TORONTO, ONTARIO--(Marketwire - April 23, 2012) - BELO SUN MINING CORP. (TSX:BSX) ("Belo Sun" or the "Company") today announced that it has adopted a Shareholder Rights Plan (the "Plan").
The objectives of the Plan are to ensure, to the extent possible, that all shareholders of the Company are treated equally and fairly in connection with any take-over bid for the Company. The Plan discourages discriminatory, coercive or unfair take-overs of the Company and gives the Company's board of directors time if, in the circumstances, the board determines it is appropriate to take such time, to pursue alternatives to maximize shareholder value in the event an unsolicited take-over bid is made for common shares of the Company (the "Common Shares").
In order to implement the adoption of the Plan, the Board authorized the issuance of one right (a "Right") in respect of each Common Share outstanding at the close of business on April 23, 2012 (the "Record Time"). In addition, the Board authorized the issuance of one Right in respect of each additional Common Share issued after the Record Time. The Rights trade with and are represented by Common Share certificates, including certificates issued prior to the Record Time. Until such time as the Rights separate from the Common Shares and become exercisable, certificates representing the Rights will not be distributed to shareholders.
If a person, or a group acting in concert, acquires (other than pursuant to an exemption available under the Plan) Beneficial Ownership (as defined in the Plan) of 20% or more of the Common Shares, Rights (other than those held by such acquiring person which will become void) will separate from the Common Shares and permit the holder thereof to purchase Common Shares at a 50% discount to their market price. At any time prior to the Rights becoming exercisable, the Board may waive the operation of the Plan with respect to certain events before they occur. Moreover, the Board will be deemed to have redeemed the Rights in the event that a person acquires more than 50% of the outstanding Common Shares pursuant to a Permitted Bid, as defined by the Plan, defined as a take-over bid that (i) is made to all holders of record of Common Shares, other than the offeror, (ii) remains open for at least 60 days following the date of the take-over bid; and (iii) allows for Common Shares to be deposited at any time prior to the date the take-over bid is made.

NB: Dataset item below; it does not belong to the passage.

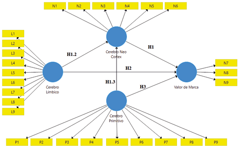 Los modelos y estudios multidimensionales para medir el valor de marca desde la perspectiva del consumidor, desarrollados por (Aaker, 1992a; Keller, 1993; Lassar et al., 1995; A. F. Villarejo Ramos, 2002; Yoo et al., 2000), así como las teorías sobre la interacción de los niveles del cerebro triuno, propuesto por el neuromarketing, sobre los motivadores del comportamiento del consumidor al momento de elegir un producto (Ali, 2019; Lee et al., 2007; Reiner, 1990; Shukla, 2020; Soler Mouline, 2019; Vera & Trujillo, 2017), intentan explicar de manera complementaria, pero separada, el comportamiento del consumidor; en este criterio se propone el siguiente objetivo: validar un modelo para medir la dominancia cerebral del neuromarketing considerando los modelos multidimensionales de valor de marca desde la perspectiva del consumidor, tomando como objeto de estudio un segmento que pertenece a la cohorte poblacional denominada Generación Z.

The issuance of the Rights will not change the manner in which shareholders currently trade their Common Shares.
The Plan is subject to the final approval of the Toronto Stock Exchange, and requires confirmation by the Company's shareholders on or before October 23, 2012, being within six months of the Plan's effective date. If the Plan is not confirmed by shareholders, the Plan and all outstanding Rights will terminate and be void and of no further force and effect.
The Plan is not being proposed in response to, or in contemplation of, any specific take-over bid for the Company. The Board did not adopt the Plan to prevent a take-over of the Company, to secure the continuance of management or the directors in their respective offices or to deter fair offers for the Common Shares.
About the Company
Belo Sun Mining Corp. is a Canadian-based mineral exploration company with a portfolio of properties focused on gold in Brazil. Belo Sun's primary focus is on advancing and expanding its 100% owned Volta Grande Gold Project, located in Para State. Belo Sun trades on the Toronto Stock Exchange under the symbol "BSX". For more information about Belo Sun please visit www.belosun.com.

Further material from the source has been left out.